As agricultural exporters and importers of finished products, Southerners objected to the fact that the protective tariff raised the costs of their purchases and reduced their volume of exports. Southerners also understood that a federal government that could impose an unacceptable law had the potential to impose the most unacceptable of all, an outlawing of slavery. Southerners like South Carolina senator Robert Y. Hayne and Calhoun promptly raised questions about the tariff's constitutionality and claimed the right of a state to nullify an unacceptable federal law. They cited James Madison's Virginia Resolution and Thomas Jefferson's Kentucky Resolution, written during the debates over the Alien and Sedition Acts in 1798.

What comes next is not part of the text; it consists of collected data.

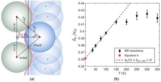 The solid/fluid boundary location is calculated with LJ potential, the lattice constant of FCC (Face Centered Cubic) crystal by ignoring thermal motion. It is known that monoatomic fluid molecules adjacent to the FCC (001) surface forms another layer of the FCC-like structure to minimize the energy []. If the thermal energy is very small, the fluid atoms may form a perfect FCC structure near the surface as shown in Figure 7a. The solid/fluid boundary is represented as the red line that has a three-dimensional corrugation pattern (See Figure S2). For simplicity, the solid/fluid boundary is assumed as a plane in this work. Then, the averaged location of solid/fluid boundary can be described as follows: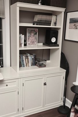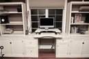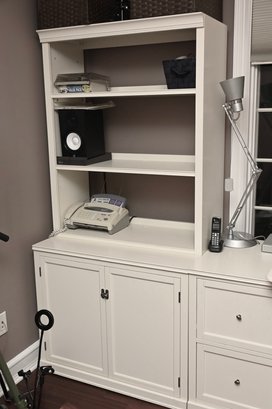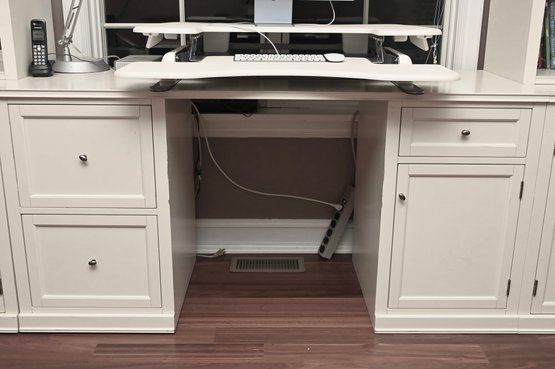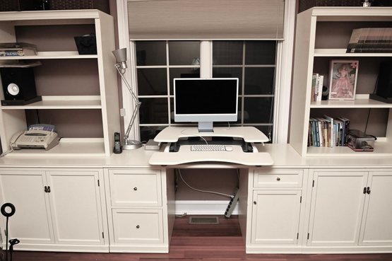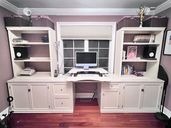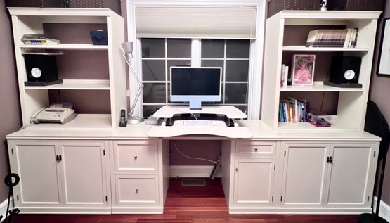Condition: Left 36” wide, middle 62” wide, right 36” wide. All pieces 23” deep. Desk 30” high, shelves 75” high. VariDesk not included.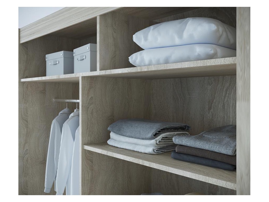 Pojemne wnętrze z półkami i drążkiem umożliwia wygodne przechowywanie odzieży i dodatków.
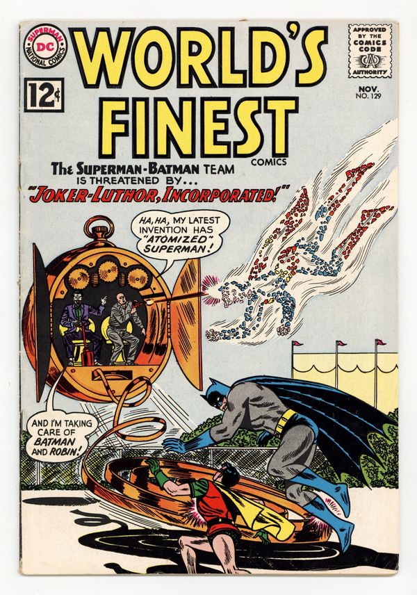 Ends Jan 26 10:10 PM CST Bid History 4 bids Current Bid $9 Your Secret Max Bid If you'd like to bid, please log in or register. Cover pencils by Dick Dillin, inks by Sheldon Moldoff. Joker-Luthor, Incorporated! starring Superman and Batman, script by Dave Wood, pencils by Jim Mooney, inks by Sheldon Moldoff; Joker and Luthor team up to rob a large gem show. Health Myths Debunked! public service announcement, script by Jack Schiff, art by Sheldon Moldoff. The Menace Of The Alien Fish starring Aquaman and Aqualad, art by Ramona Fradon; Aquaman and Aqualad help an alien who has crashed on Earth to round up three alien fish he brought with him. Menace of the Meteorites text story. The Iron Archer! starring Green Arrow, pencils by Lee Elias, inks by Lee Elias; Green Arrow and Speedy must stop a group of bank robbers with a robot that shoots arrows. 36 Pages, Full Color. Cover price $0.12.
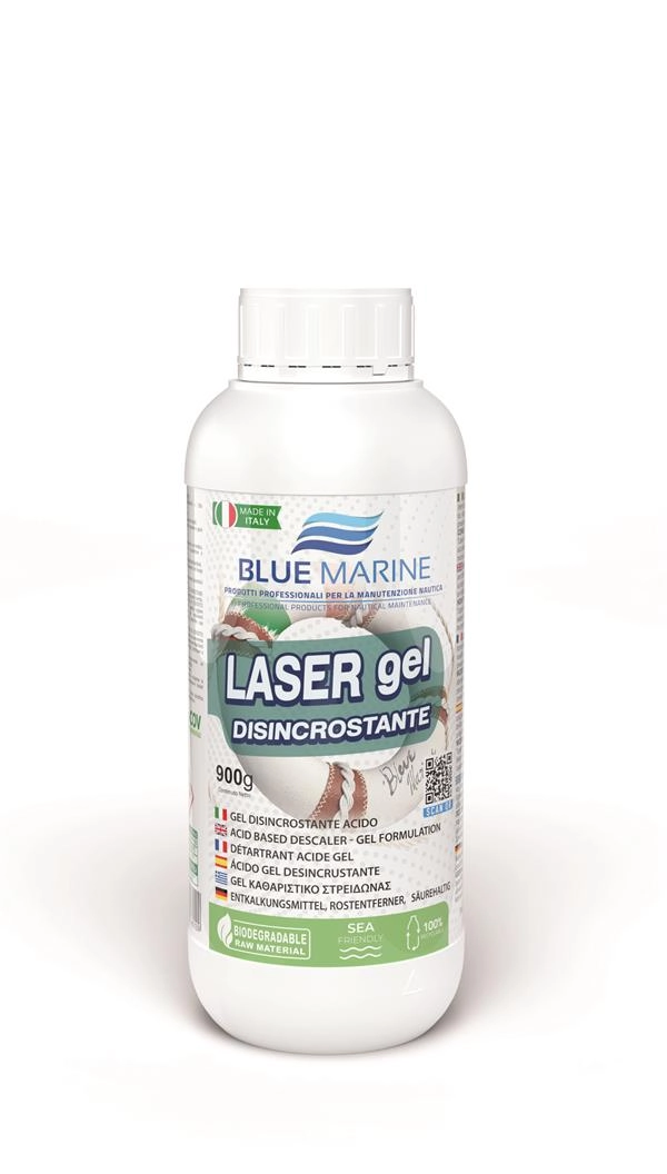 Gel formulation, acid based descaler and oxide remover. It removes any kind of incrustations and limestone debris (barnacles) from outdrives and hulls made of either fibreglass or rubber. Rust remover and surface brightener for propellers made of stainless steel, brass, bronze, etc.., and for any kind of surfaces of boat or inflatable boat. It also removes water-lines and yellowing from fibreglass. 900 gr.

In January 1830, a series of debates between Hayne and Daniel Webster defined the terms of the argument over the nature of the federal union that would persist for the next 30 years. In 1832, Andrew Jackson won the presidency with Calhoun as his vice president. At a Jefferson Day celebration, Jackson toasted, "Our Federal Union—it must be preserved." Calhoun responded, "The Union—next to our liberty most dear."
When Jackson signed the modified Tariff Act of 1832, Calhoun resigned in protest and went to South Carolina to interpose the state against federal enforcement of the tariff. Congress passed the Force Act, and Jackson threatened to send troops to enforce the tariff. Clay averted a collision by enacting a compromise that produced a degree of tariff reduction in 1833. Sectional tension, however, remained and would eventually culminate in the Civil War, the victory of the Jackson-Webster definition of the Union, and the domination of the industrial region over the agricultural sector.
Questions:
1. What is sectionalism?
2. How are the North and South different in the pre-Civil war era?
3. Why does the North want tariffs and why does the south not want them?
4. What is nullification?
5. Who won the nullification crisis, in your opinion?
6. Do you agree with the last in bold and underlined sentence and why or why not?